The answer should hold every line of the listing, unchanged and free of images.

* AVAILABLE DATA *
--

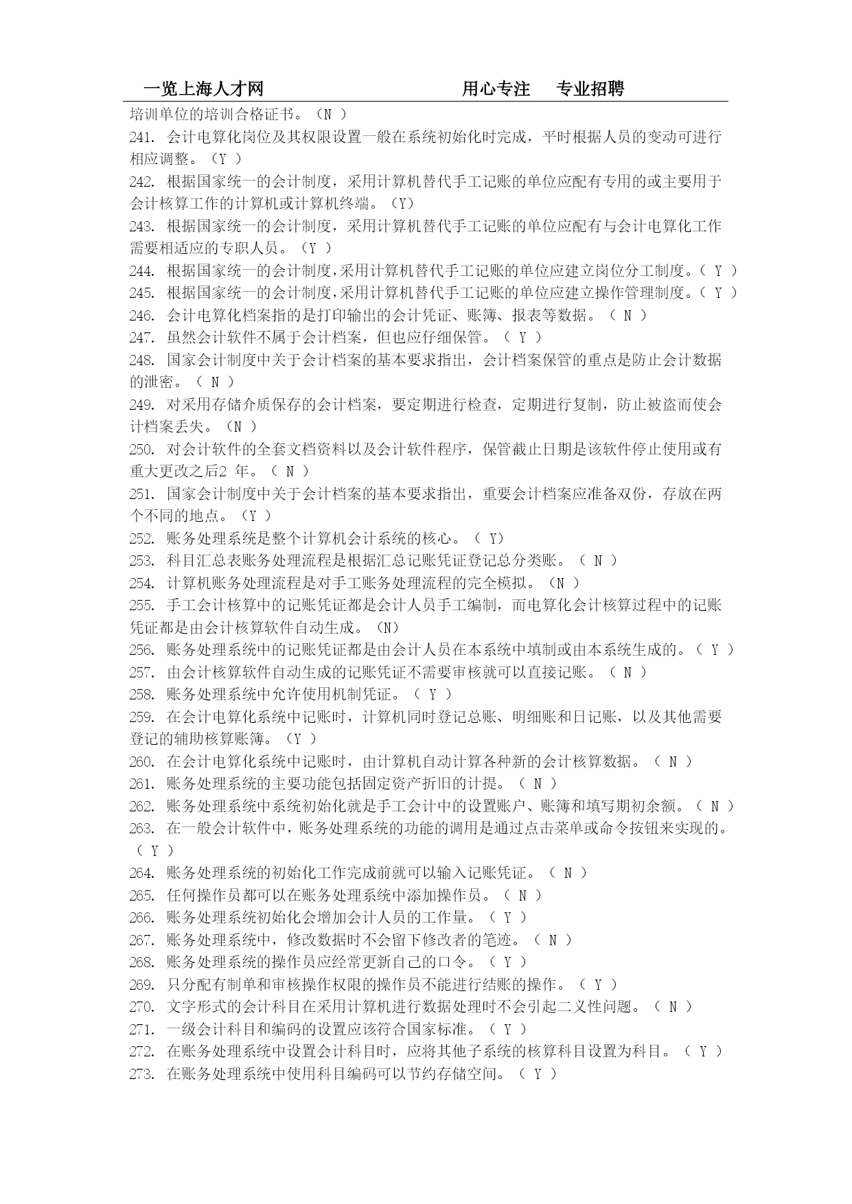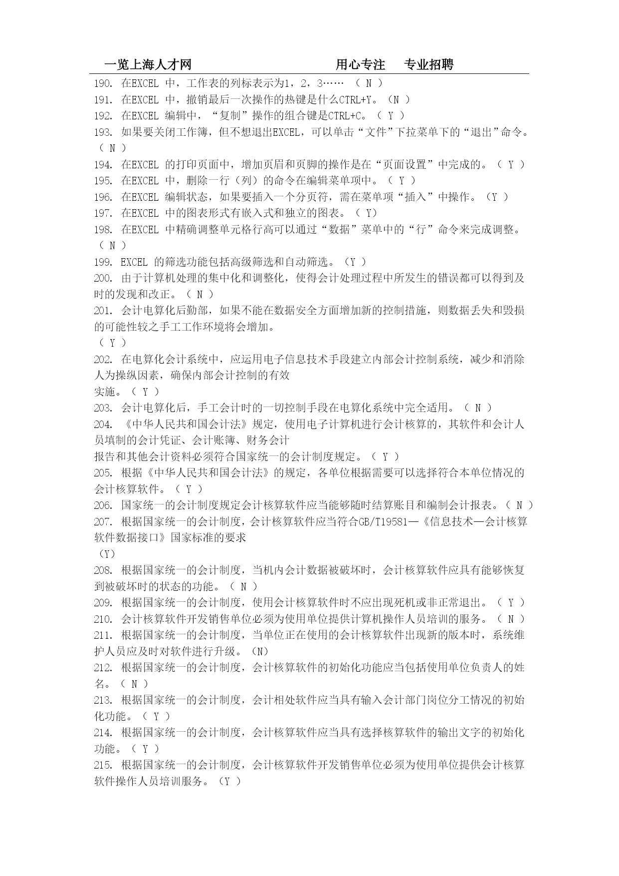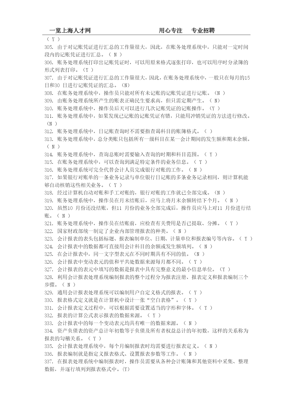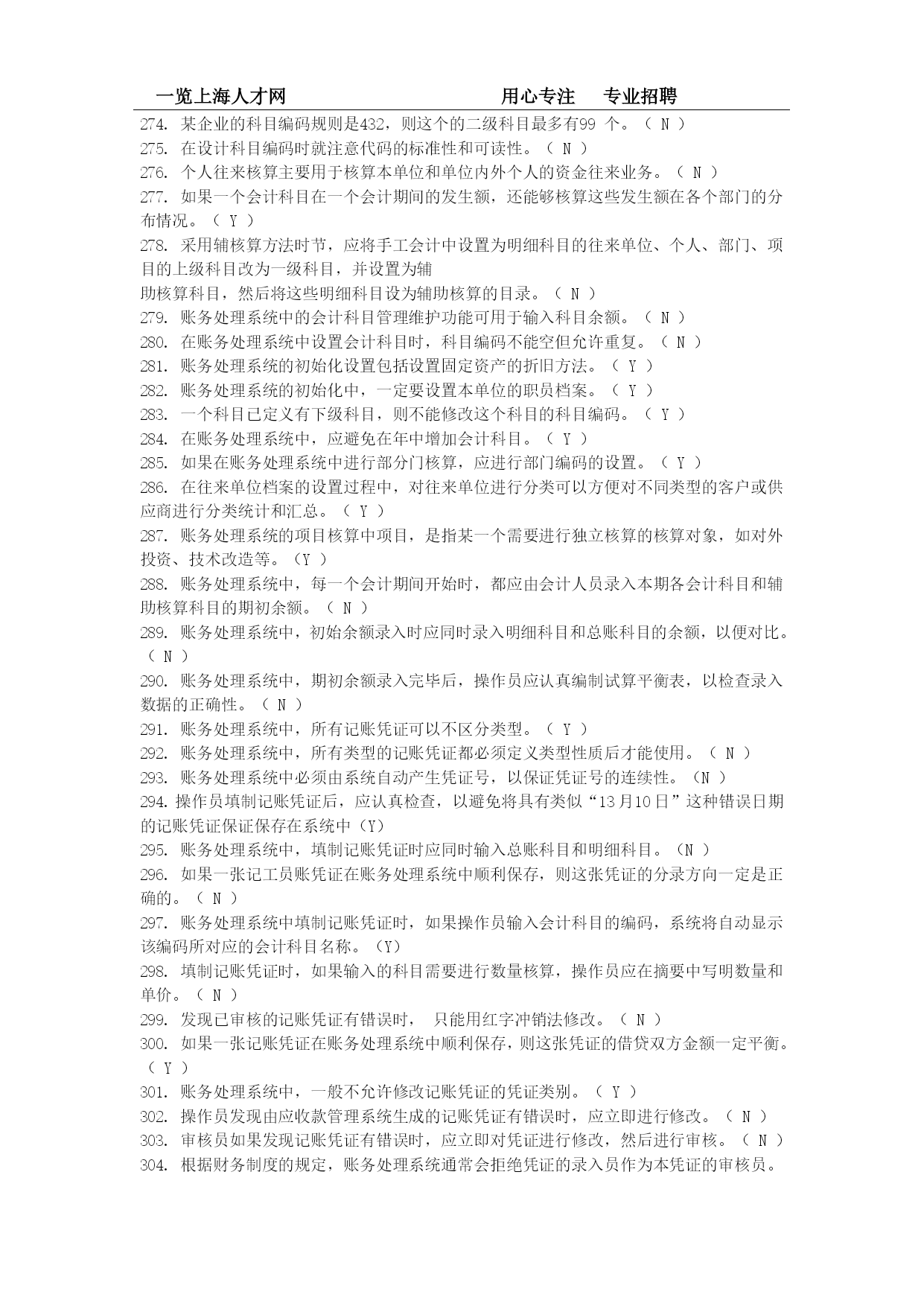 一览HYPERLINK"http://021.job1001.com/"上海人才网用心专注专业招聘一、判断题1.ASCII码是一种校验码。(N)2.CDROM是属于微型计算机的外存储器设备。(Y)3.CPU是由运算器和控制器组成。(Y)4.DVD光盘容量可达普通硬盘的容量的7倍。(N)5.EXCEL工具栏系统的一个显著特点就是灵活的定位方式。用户可以根据需要将工具栏放置在屏幕的任何区域。(Y)6.INTERNET的中文意思是广域网。(N)7.MIPS是表示计算机运行速度的单位。(Y)8.PC机的主流是微软公司在1981年推出的PC机系列及其众多的兼容机。(N)9.ROM不属于微型计算机的外存储器。(Y)10.WINDOWS2000本身提供的一些实用的应用程序,称为WINDOWS2000的附件。(Y)11.WINDOWS2000的文件名字可以有空格但不能有下列符号:?、\、*、<、>、|。(Y)12.WINDOWS包括WINDOWS95、WINDOWS98、WINDOWSNT、WINDOWS2000以及WINDOWSXP等多个操作系统产品。(Y)13.WINDOWS是微软(MICROSOFT)公司开发的操作系统产品的总称。(Y)14.WORD可以在文档任意需要的位置插入当前日期和时间。(Y)15.按照分布距离的长短我们将计算机网络分为局域网、都市网、广域网和互联网。(Y)16.按住鼠标器按键不松开,同时移动鼠标器,称作移动(N)17.报表格式定义就是在计算机中设计一张空白表格。(Y)18.不按鼠标器任何按键,仅移动鼠标器,称作拖放。(N)19.不论是在手工条件下还是电算化条件下,都必须加强账证核对和账账核对工作。(N)20.使用微型计算机和计算机网络会计软件的单位,都必须设立电算主管岗位。(Y)21.计算机带给会计的仅是会计数据处理手段的变革,对会计理论、实务没有什么影响。(N)22.随着会计电算化的不断发展,“会计电算化”的含义有广义和狭义之分。(Y)23.对于企业,会计电算化规划主要分为单位会计电算化规划和会计电算化的宏观发展规划等。(N)24.会计电算化的宏观发展规划主要由财政部门及各行业主管部门制定。(Y)25.企业实现会计电算化,必须使用一个比较规范的核算软件,这个软件通过主管部门的批准才可使用。(Y)26.新的会计核算软件不但能模仿替代手工的核算,进行事后反映,还能进行科学决策、预测和事中控制。(Y)27.会计电算化只是对核算工具和核算方法的改时,不会引起会计工作组织和人员分工的改变。(N)28.网络的使用,合得会计电算化安全性降低,不是会计电算化的发展趋势。(N)29.由于物流、资金流和信息流的一体化,传统意义上的会计电算化将不复存在。(Y)30.处于会计电算化核心位置的是会计制度。(N)31.ERP代表的意思是物流、资金流和信息流。(N)32.中国境内各单位应用的会计核算软件,应当符合财政部所发《会计核算软件基本功能规范》的要求。(Y)33.会计核算软件可以按照企业的需要随意划份会计期间,分期结算账目和编制会计报表。(N)34.专用会计核算软件一般是指自行开发或委托其开发,供本单位使用的会计核算软件。(Y)35.商品化会计软件属于专用会计核算软件。(N)36.通用会计软件学会较难,因此软件易使用性差。(N)37.通用会计软件初始工作量小,容易上手。(N)38.会计核算软件各个模块中,处于核心地位的是账务处理。(Y)39.ENIAC计算机所采用的逻辑器件是小型集成电路。(N)40.人们按计算机体积来划分,大致分为四个发展阶段。(N)41.计算机的发展,当前处于第四代。(Y)42.未来新一代计算机的特点是人工智能。(Y)43.大规模、超大规模集成电路的出现产生了第五代产品的计算机。(N)44.微型计算机属于第四代计算机,主要的元器件是集成电路。(N)45.计算机发展的方向是巨型化、微型化、网络化、智能化。其中“巨型化”是指体积大、重量重。(N)46.办公自动化(OA)是计算机的一顶应用,按计算机应用的分类,它属于信息处理。(N)47.计算机存储器中,组成一个字节的二进制位数是不确定的。(N)48.“32位微机”中的32指的是机器字长。(Y)49.PENTIUMⅢ等微机是使用64位微处理器。(Y)50.MIPS是衡量计算机的传输速率。(N)51.计算机的运行速度,这是由主频率、内存与外存速度的因素所综合决定。(Y)52.ASCII是一种字符编码。(Y)53.计算机系统是由主机和外设两大部分组成。(N)54.一个完整的计算机系统是由硬件系统和软件系统所组成。(Y)55.微型计算机硬件系统中最核心的部
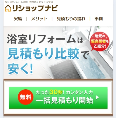 完全無料|最短数分で依頼完了・しつこい営業なし 無料で一括見積もりを依頼する お風呂リフォーム、いくらかかるか不安ではありませんか? 「相場がわからない」 「業者選びで失敗したくない」 そんな不安を抱えたまま、後回しにしていませんか? リショップナビなら、 複数のリフォーム会社から無料で一括見積もり。 価格・プラン・保証内容を比較できるから、 納得して選べます。 ・厳選された優良リフォーム会社のみ紹介 ・複数社の見積もりを無料で比較 ・専任コンシェルジュがサポート ・断り代行サービスありで安心 → 比較するだけで、数十万円差が出ることも。 ムダな出費を防ぎ、理想のお風呂を賢く実現しませんか? 商品名 リショップナビ(お風呂リフォーム) 【商品番号m055 】 カテゴリ 不動産
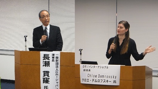 ワークショップ後は、アメリカから来日しているDRIインターナショナル 副社長のChloe Demrovsky(クロエ・デムロフスキー)氏による「米国・世界の事業継続の動向」とDRIジャパン 理事長 長瀬貫窿(かんりゅう)氏による「阪神淡路大震災の経験をベースに、Resiliencyの下での危機管理の在り方」の講演を行いました。
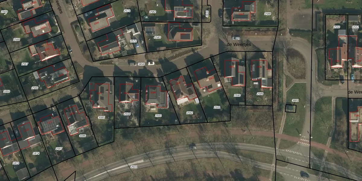de Weertjes 1007 is gelegen op kadastraal perceel WCN00F2592. Deze kadastrale aanduiding is uniek en wordt gebruikt door het Kadaster om eigendomsrechten en andere zakelijke rechten vast te leggen. Het perceel maakt onderdeel uit van de kadastrale gemeente Wijchen.

--

* ANSWER SPACE *
 一览HYPERLINK"http://021.job1001.com/"上海人才网用心专注专业招聘一、判断题1.ASCII码是一种校验码。(N)2.CDROM是属于微型计算机的外存储器设备。(Y)3.CPU是由运算器和控制器组成。(Y)4.DVD光盘容量可达普通硬盘的容量的7倍。(N)5.EXCEL工具栏系统的一个显著特点就是灵活的定位方式。用户可以根据需要将工具栏放置在屏幕的任何区域。(Y)6.INTERNET的中文意思是广域网。(N)7.MIPS是表示计算机运行速度的单位。(Y)8.PC机的主流是微软公司在1981年推出的PC机系列及其众多的兼容机。(N)9.ROM不属于微型计算机的外存储器。(Y)10.WINDOWS2000本身提供的一些实用的应用程序,称为WINDOWS2000的附件。(Y)11.WINDOWS2000的文件名字可以有空格但不能有下列符号:?、\、*、<、>、|。(Y)12.WINDOWS包括WINDOWS95、WINDOWS98、WINDOWSNT、WINDOWS2000以及WINDOWSXP等多个操作系统产品。(Y)13.WINDOWS是微软(MICROSOFT)公司开发的操作系统产品的总称。(Y)14.WORD可以在文档任意需要的位置插入当前日期和时间。(Y)15.按照分布距离的长短我们将计算机网络分为局域网、都市网、广域网和互联网。(Y)16.按住鼠标器按键不松开,同时移动鼠标器,称作移动(N)17.报表格式定义就是在计算机中设计一张空白表格。(Y)18.不按鼠标器任何按键,仅移动鼠标器,称作拖放。(N)19.不论是在手工条件下还是电算化条件下,都必须加强账证核对和账账核对工作。(N)20.使用微型计算机和计算机网络会计软件的单位,都必须设立电算主管岗位。(Y)21.计算机带给会计的仅是会计数据处理手段的变革,对会计理论、实务没有什么影响。(N)22.随着会计电算化的不断发展,“会计电算化”的含义有广义和狭义之分。(Y)23.对于企业,会计电算化规划主要分为单位会计电算化规划和会计电算化的宏观发展规划等。(N)24.会计电算化的宏观发展规划主要由财政部门及各行业主管部门制定。(Y)25.企业实现会计电算化,必须使用一个比较规范的核算软件,这个软件通过主管部门的批准才可使用。(Y)26.新的会计核算软件不但能模仿替代手工的核算,进行事后反映,还能进行科学决策、预测和事中控制。(Y)27.会计电算化只是对核算工具和核算方法的改时,不会引起会计工作组织和人员分工的改变。(N)28.网络的使用,合得会计电算化安全性降低,不是会计电算化的发展趋势。(N)29.由于物流、资金流和信息流的一体化,传统意义上的会计电算化将不复存在。(Y)30.处于会计电算化核心位置的是会计制度。(N)31.ERP代表的意思是物流、资金流和信息流。(N)32.中国境内各单位应用的会计核算软件,应当符合财政部所发《会计核算软件基本功能规范》的要求。(Y)33.会计核算软件可以按照企业的需要随意划份会计期间,分期结算账目和编制会计报表。(N)34.专用会计核算软件一般是指自行开发或委托其开发,供本单位使用的会计核算软件。(Y)35.商品化会计软件属于专用会计核算软件。(N)36.通用会计软件学会较难,因此软件易使用性差。(N)37.通用会计软件初始工作量小,容易上手。(N)38.会计核算软件各个模块中,处于核心地位的是账务处理。(Y)39.ENIAC计算机所采用的逻辑器件是小型集成电路。(N)40.人们按计算机体积来划分,大致分为四个发展阶段。(N)41.计算机的发展,当前处于第四代。(Y)42.未来新一代计算机的特点是人工智能。(Y)43.大规模、超大规模集成电路的出现产生了第五代产品的计算机。(N)44.微型计算机属于第四代计算机,主要的元器件是集成电路。(N)45.计算机发展的方向是巨型化、微型化、网络化、智能化。其中“巨型化”是指体积大、重量重。(N)46.办公自动化(OA)是计算机的一顶应用,按计算机应用的分类,它属于信息处理。(N)47.计算机存储器中,组成一个字节的二进制位数是不确定的。(N)48.“32位微机”中的32指的是机器字长。(Y)49.PENTIUMⅢ等微机是使用64位微处理器。(Y)50.MIPS是衡量计算机的传输速率。(N)51.计算机的运行速度,这是由主频率、内存与外存速度的因素所综合决定。(Y)52.ASCII是一种字符编码。(Y)53.计算机系统是由主机和外设两大部分组成。(N)54.一个完整的计算机系统是由硬件系统和软件系统所组成。(Y)55.微型计算机硬件系统中最核心的部
 完全無料|最短数分で依頼完了・しつこい営業なし 無料で一括見積もりを依頼する お風呂リフォーム、いくらかかるか不安ではありませんか? 「相場がわからない」 「業者選びで失敗したくない」 そんな不安を抱えたまま、後回しにしていませんか? リショップナビなら、 複数のリフォーム会社から無料で一括見積もり。 価格・プラン・保証内容を比較できるから、 納得して選べます。 ・厳選された優良リフォーム会社のみ紹介 ・複数社の見積もりを無料で比較 ・専任コンシェルジュがサポート ・断り代行サービスありで安心 → 比較するだけで、数十万円差が出ることも。 ムダな出費を防ぎ、理想のお風呂を賢く実現しませんか? 商品名 リショップナビ(お風呂リフォーム) 【商品番号m055 】 カテゴリ 不動産
 ワークショップ後は、アメリカから来日しているDRIインターナショナル 副社長のChloe Demrovsky(クロエ・デムロフスキー)氏による「米国・世界の事業継続の動向」とDRIジャパン 理事長 長瀬貫窿(かんりゅう)氏による「阪神淡路大震災の経験をベースに、Resiliencyの下での危機管理の在り方」の講演を行いました。
de Weertjes 1007 is gelegen op kadastraal perceel WCN00F2592. Deze kadastrale aanduiding is uniek en wordt gebruikt door het Kadaster om eigendomsrechten en andere zakelijke rechten vast te leggen. Het perceel maakt onderdeel uit van de kadastrale gemeente Wijchen.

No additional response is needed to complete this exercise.